**Problem requirements:** Restate the following data in its entirety, word for word and without images.

**Data provided:**

----------------------------------------

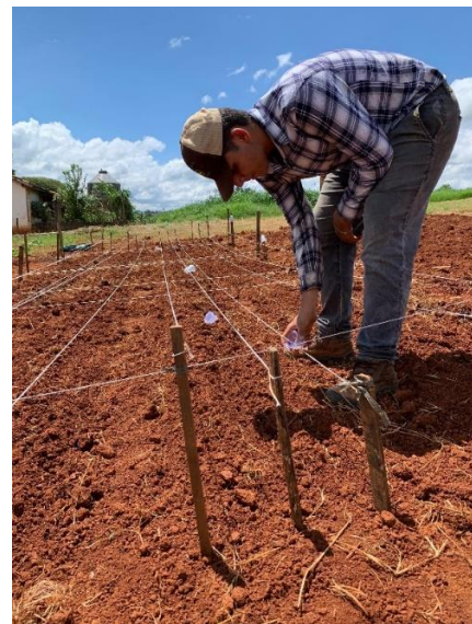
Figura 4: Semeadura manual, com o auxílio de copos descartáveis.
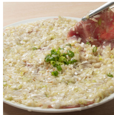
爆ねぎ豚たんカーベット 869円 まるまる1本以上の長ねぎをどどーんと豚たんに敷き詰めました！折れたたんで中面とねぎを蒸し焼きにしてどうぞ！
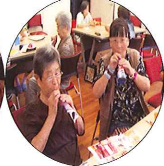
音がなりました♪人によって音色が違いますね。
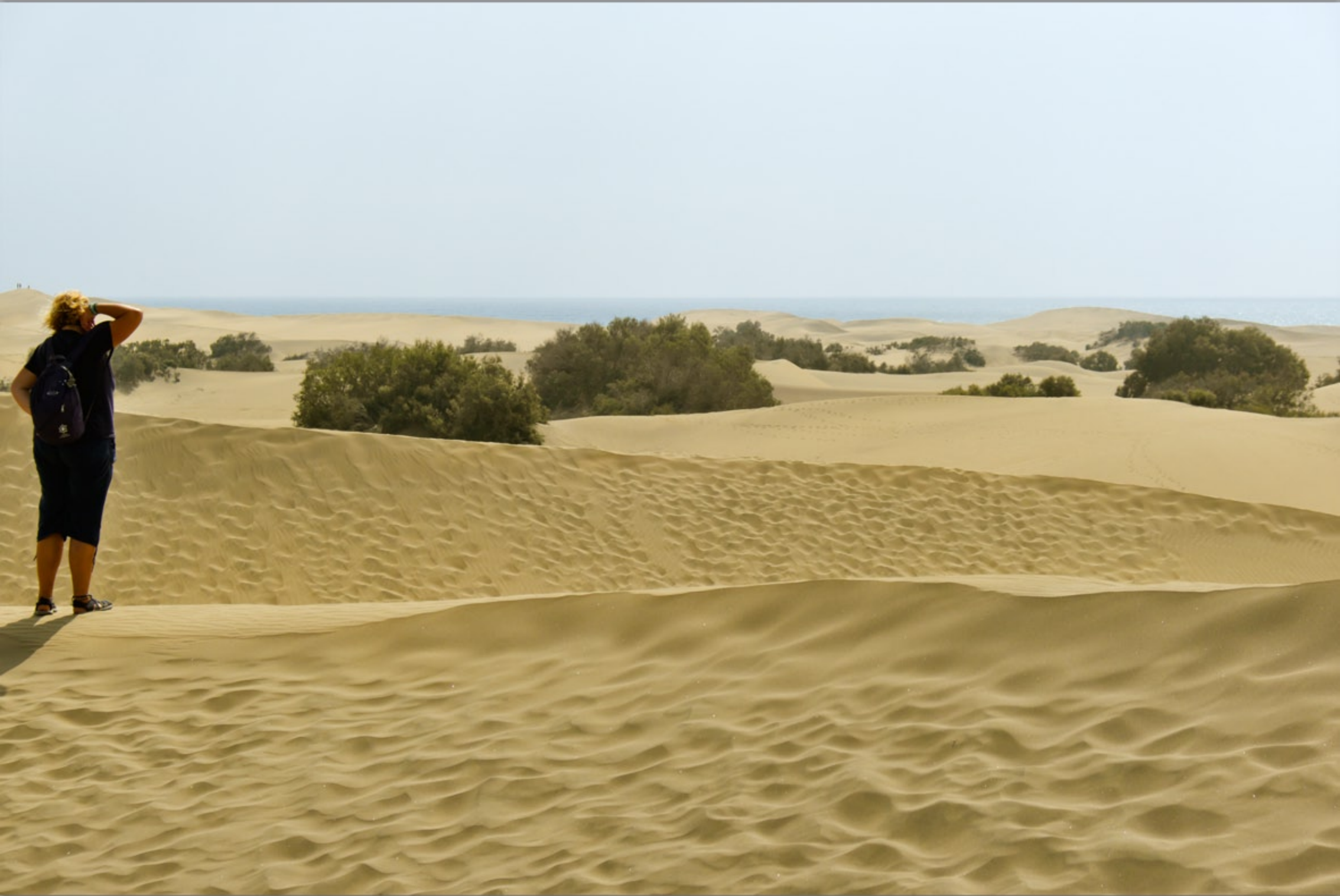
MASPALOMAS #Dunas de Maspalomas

----------------------------------------

**Solved problem:**
Figura 4: Semeadura manual, com o auxílio de copos descartáveis.
爆ねぎ豚たんカーベット 869円 まるまる1本以上の長ねぎをどどーんと豚たんに敷き詰めました！折れたたんで中面とねぎを蒸し焼きにしてどうぞ！
音がなりました♪人によって音色が違いますね。
MASPALOMAS #Dunas de Maspalomas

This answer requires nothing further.